Theranos Blew It. But It Didn't Ruin Biotech Startups For Everyone

Theranos Blew It. But It Didn't Ruin Biotech Startups For Everyone

IN THE LATE 1990s, Elizabeth Holmes was in middle school. Her scandal-beset company Theranos—which promised to use amazing advances in a hybrid scientific field of microfluidics to detect multiple conditions from a single drop of blood—didn’t exist.

But at the University of Washington, bioengineer Paul Yager was using microfluidics to develop paper-based assays that he hoped would detect pathogens with just a nasal swab. And like Holmes did later, he also saw the potential in making these tests directly accessible to patients. He was ahead of his time. Investment dollars and talented post-docs went instead to big labs working on big, traditional testing machinery. And now he worries that his life’s work will suffer collateral damage from Theranos’ abuse of trust. Investors, he says, are already acting cagier towards him. He calls it, “the Theranos crater.”

The crater analogy is apt: Theranos blew up in the middle of the biotech world. Anybody looking to raise capital for their new diagnostic technology will likely have to answer tougher questions from more skeptical investors. And nobody working on point-of-care diagnostics can make a promise like Holmes’ 70-tests-from-one-drop rhetoric.

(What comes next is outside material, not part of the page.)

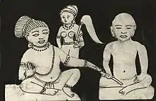 The Vaishnava Bhakti (devotion) influence on Kannada literature was acute from the time of Vijayanagara Empire, a direct impact of the dvaita philosophy propounded by Madhwacharya of Udupi in the 13th century.[47] Over 150 well-known bhakti saints who wrote thousands of compositions are known. These compositions are broadly classified as general compositions, kavya (poetic compositions) and tatva (philosophical compositions). General compositions are further classified as keertanas, ughabhogas, suladis, vruttanama, dandaka, tripadi, pattadi, sangathya and ragale.[48] The period between the 14th century to 16th century produced the first wave of devotional literature called the Haridasa sahitya (literature). Vyasatirtha who composed songs in praise of Krishna, Purandara Dasa whose compositions marked his devotion to Purandara Vittala (a form of Vishnu) and Kanaka Dasa who praised Adikeshava (a form of Krishna) in his poems were the great trinity of Vaishnava composers in Kannada.[49] The contribution of Purandara Dasa to Carnatic music is immeasurable, and he is called the "Karnataka sangeeta pitamaha" (Father of Carnatic Music). Historians propose the number of his compositions were as many as 75,000–475,000 songs in Kannada and Sanskrit language, though only few hundreds are available today.[50] He codified and consolidated the school of Carnatic music by evolving several steps like sarali, jantai, thattu varisai, alankara and geetham and laid down a framework for imparting formal training in this art form.[51] He became an inspiration to later day Carnatic composers.[52][53][54]

But even without magic blood machines, point-of-care diagnostic investing is looking up. So while Theranos may have made it harder for some researchers to fund their ideas, the company also proved that the biotech market is ripe for point-of-care diagnostics.

John Waldeisen is the CEO and Co-founder of Diassess, a diagnostics start-up that raised an undisclosed but “significant” amount in its Series A last October—right around the time the Wall Street Journal exposed Theranos’ internal struggles to the world. He sees the (now) ex-deals with Walgreens and Safeway as a sign that things aren’t as bad as they seem. “These two huge giants clearly see the opportunity here,” he says. “And you have to believe that Theranos catalyzed that excitement. Now that they’re relinquishing their position, it’s anyone’s game.”